The gene sets from nine species—human, mouse, dog, giant panda, polar bear, tiger (Panthera tigris, GCF_000464555.1)⁶, brown bear (Ursus arctos, GCF_003584765.1)⁷, American black bear (Ursus americanus, GCA_003344425.1)⁸ (Srivastava et al., 2019), and Tibetan black bear—were used for gene clustering. We identified clusters for all protein-coding genes using OrthoFinder v2.3.4 (Emms and Kelly, 2015) with default parameters. A Venn plot of four Ursidae species was constructed using the OrthoVenn2 webserver (Xu et al., 2019).

One-to-one orthologous gene families were detected based on the gene clusters from these nine species using the result of OrthoFinder. To reconstruct the phylogenetic relationships among these animals, multiple alignments of the genes within each single-copy gene family were performed using MUSCLE 3.8.31 (Edgar, 2004), and then the Perl script pan2nal.pl (Suyama et al., 2006) was used to convert amino acid alignment to codon alignment. Only 4-fold-degenerate sites were extracted in order to reconstruct a precise phylogenetic tree. After alignment with ClustalW2 (parameters: -CONVERT -TYPE=DNA) (McWilliam et al., 2013), the phylogenetic analysis was performed in RAXML 8.2.4 (parameters: -m GTRGAMMA -f a -x 12345 -N 100 -p 12345) (Stamatakis, 2014) for each alignment. Divergence time estimations were determined using MCMCTree (part of the PAML package) (Yang, 2007) with a correlated rate clock model. The calibration time was obtained from www.timetree.org (accessed at May 30, 2019), which gave human/mouse, human/dog, dog/tiger, and dog/brown bear divergence times as 85–97, 91–101, 51–56, and 42–48 million years ago (Mya), respectively. The analysis was run twice to make sure that the result was reliable.

Population History

Pairwise sequential Markovian coalescent (PSMC) analysis (Li and Durbin, 2011), based on a hidden Markov model, was used to estimate the history of effective population sizes based on genome-wide heterozygous sequence data. The BWA-MEM algorithm (BWA v0.7.15) (Li, 2013) was used to align the clean genome sequence reads to the reference genome with default parameters. Then, by using a combination of SAMtools/BCFtools (Li et al., 2009) with PSMC recommend parameters, we obtained the consensus diploid sequences. Finally, PSMC software was run with 100 bootstraps to generate the effective population history plot. We also downloaded polar bear (SRR942298)⁹, giant panda (SRR504890)¹⁰, American black bear (SRR518723)¹¹, and brown bear (SRR935621)¹² resequencing data from NCBI. The same pipeline was run. The generation time and substitution rate were 11 years and 1.82e-8 per site per generation, respectively (Benazzo et al., 2017).
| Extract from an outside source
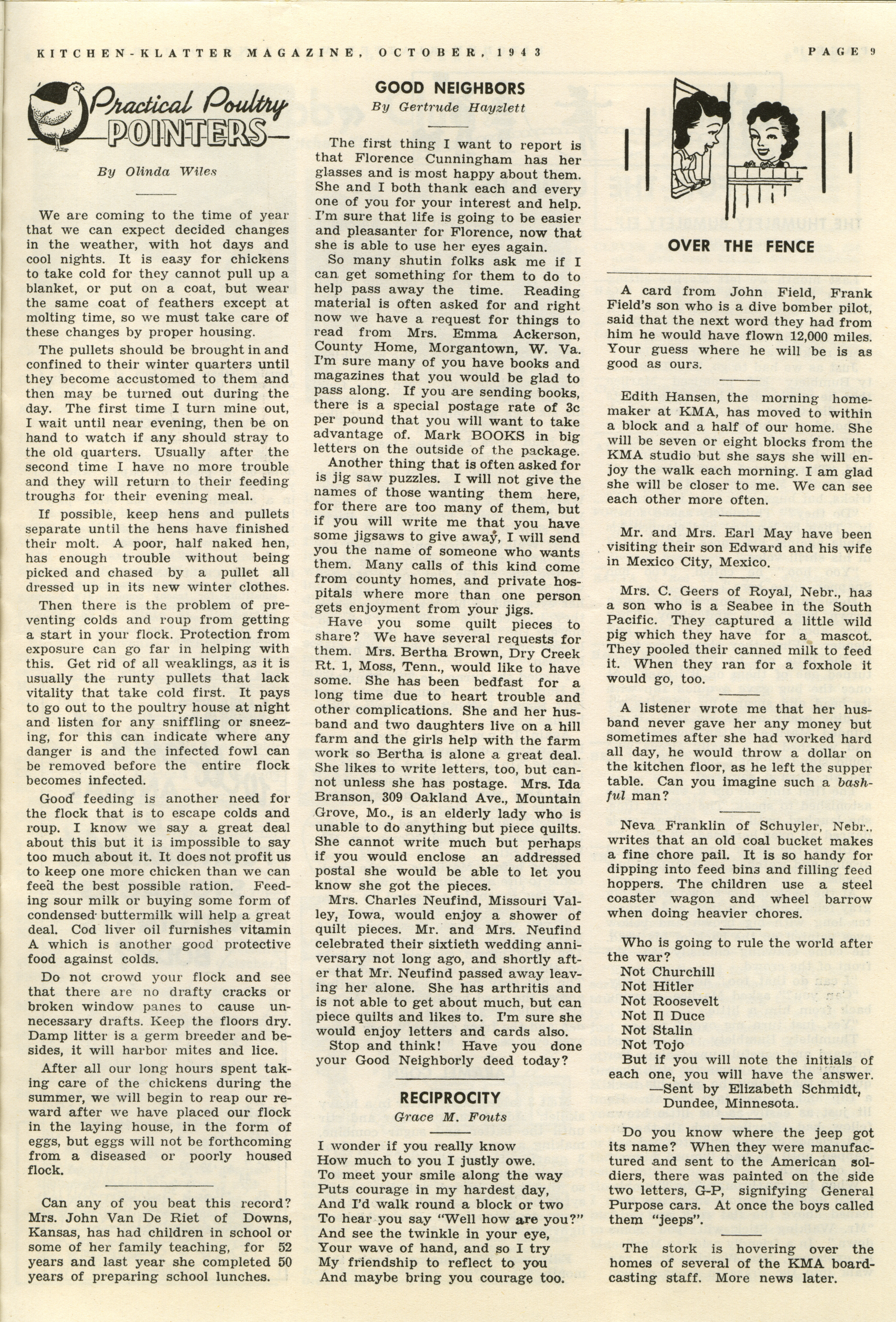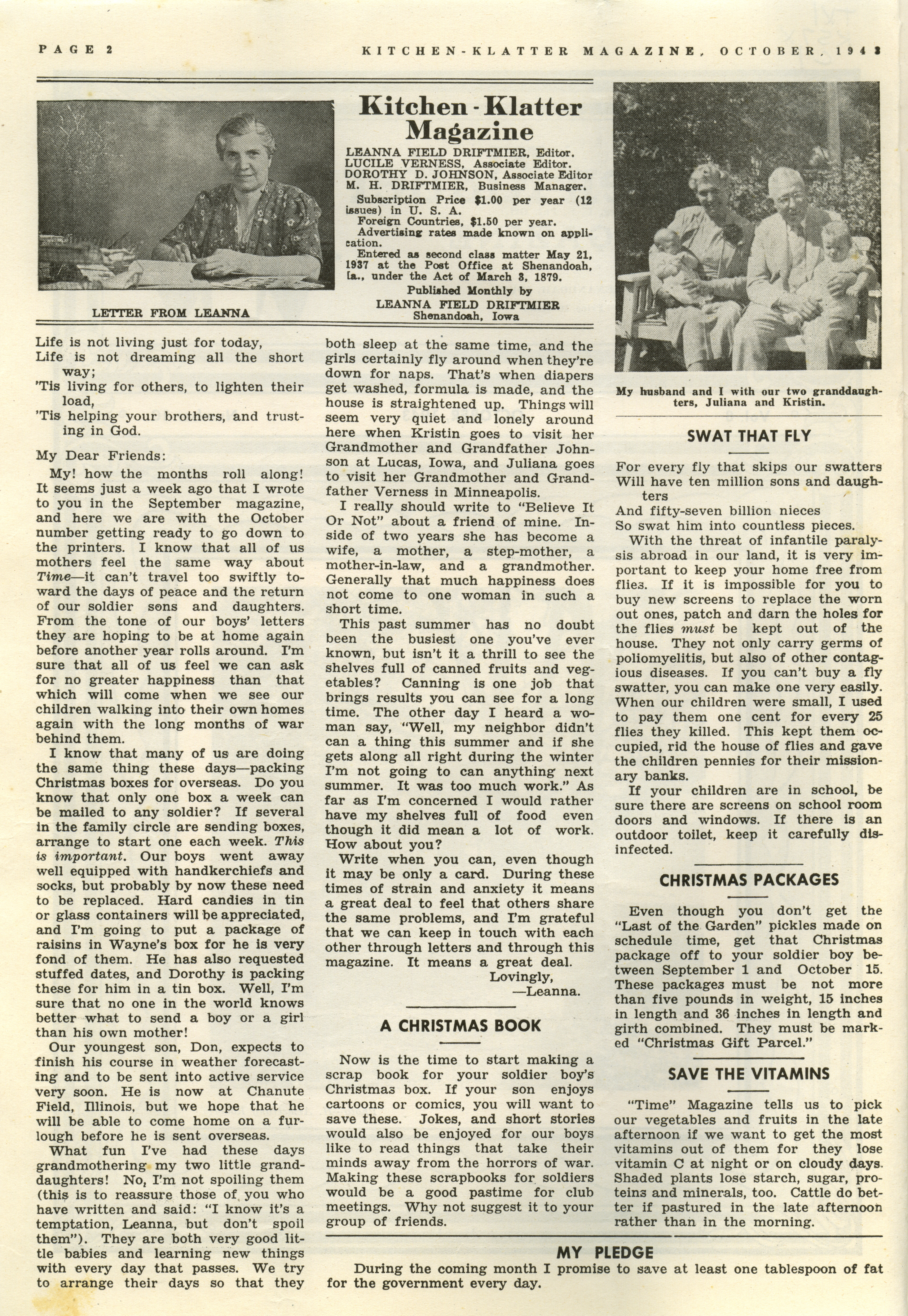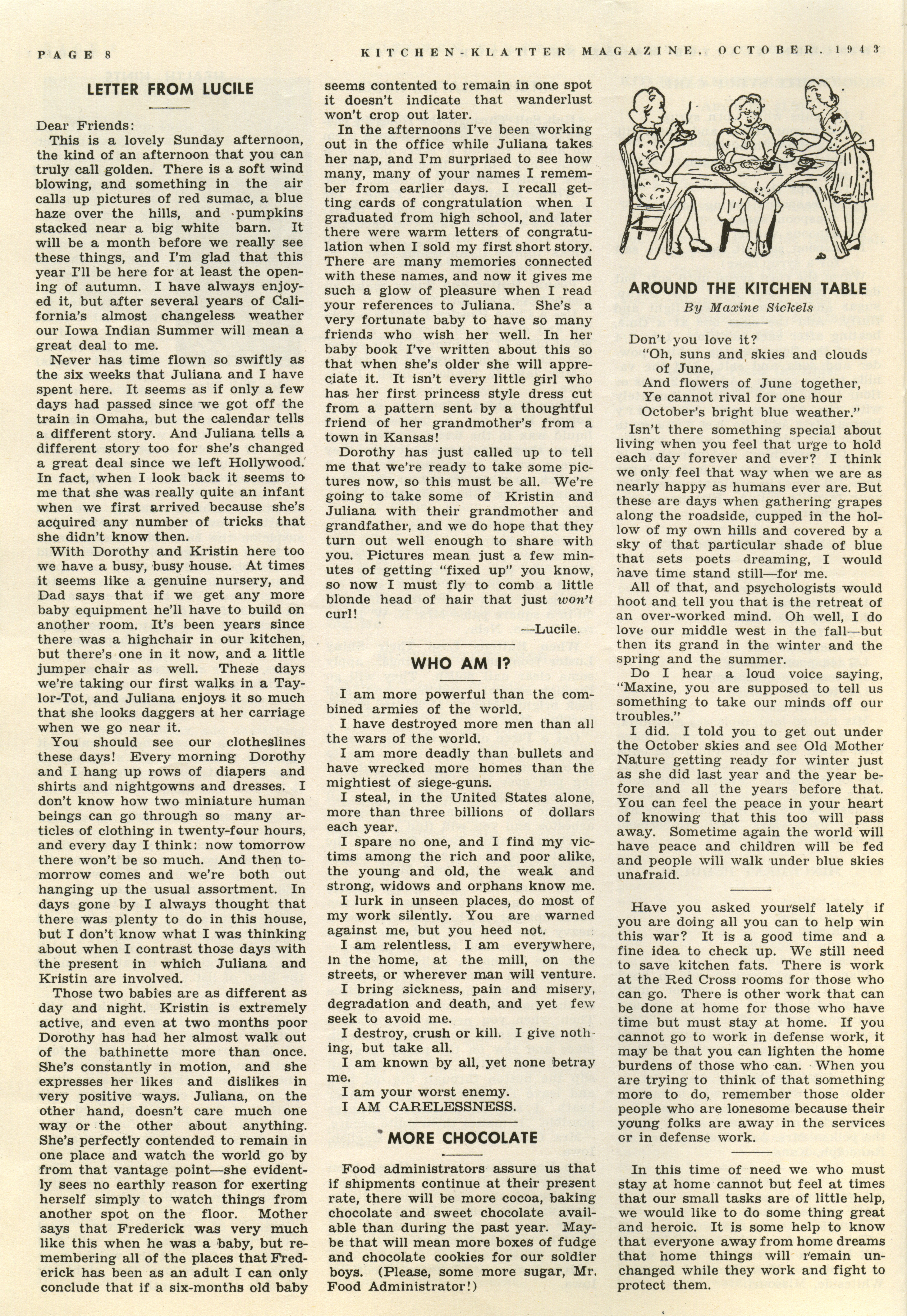 - "Kitchen-Klatter v. 08, n. 10, 1943", Kitchen-Klatter Magazine Issues, Iowa State University Library Digital Collections

Data Availability Statement

The whole genome sequencing data were submitted to the NCBI Sequence Read Archive (SRA) database with accession number SRP224444¹³ and Bioproject accession PRJNA573607. The assembled draft genome of Tibetan black bear has been deposited at GenBank with accession WEIE00000000. The annotation files of Tibetan black bear have been published ⁹ ¹⁰ ¹¹ ¹² ¹³ on Figshare repository with https://doi.org/10.6084/m9.figshare.11787252.v1.

Ethics Statement

Ethical review and approval was not required for the animal study because The Tibetan black bear that died of natural causes was not applicable for animal ethic. Usage of the tissue samples in our study was approved by the government of China.

Author Contributions

XC and JH designed and supervised the project. JL, MH, YZ, and KY prepared the samples. CZ, WX, CL, XS, and YY analyzed the data. CZ, WX, and JL wrote the manuscript with other authors' help and XC and JH revised the manuscript. All authors read and approved the final manuscript.

Funding

This study was supported by Research Funds for Interdisciplinary subject, NWPU (19SH030408).

Conflict of Interest

The authors declare that the research was conducted in the absence of any commercial or financial relationships that could be construed as a potential conflict of interest

Supplementary Material

The Supplementary Material for this article can be found online at: https://www.frontiersin.org/articles/10.3389/fgene.2020.00231/full#supplementary-material

Footnotes

1. ^NCBI Assembly, https://www.ncbi.nlm.nih.gov/assembly/GCF_000002285.3 (2011).

2. ^NCBI Assembly, https://www.ncbi.nlm.nih.gov/assembly/GCF_000001405.38 (2017).

3. ^NCBI Assembly, https://www.ncbi.nlm.nih.gov/assembly/GCF_000004335.2 (2009).

4. ^NCBI Assembly, https://www.ncbi.nlm.nih.gov/assembly/GCA_000001635.8 (2017).

5. ^NCBI Assembly, https://www.ncbi.nlm.nih.gov/assembly/GCF_000687225.1/ (2014).

6. ^NCBI Assembly, https://www.ncbi.nlm.nih.gov/assembly/GCF_000464555.1 (2013).

7. ^NCBI Assembly, https://www.ncbi.nlm.nih.gov/assembly/GCF_003584765.1 (2018).

8. ^NCBI Assembly, https://www.ncbi.nlm.nih.gov/assembly/GCA_003344425.1 (2018).

9. ^NCBI Sequence Read Archive, https://www.ncbi.nlm.nih.gov/sra/SRR942298 (2015).

10. ^NCBI Sequence Read Archive, https://www.ncbi.nlm.nih.gov/sra/SRR504890 (2012).

11. ^NCBI Sequence Read Archive, https://www.ncbi.nlm.nih.gov/sra/SRR518723 (2015).

12. ^NCBI Sequence Read Archive, https://www.ncbi.nlm.nih.gov/sra/SRR935621 (2015).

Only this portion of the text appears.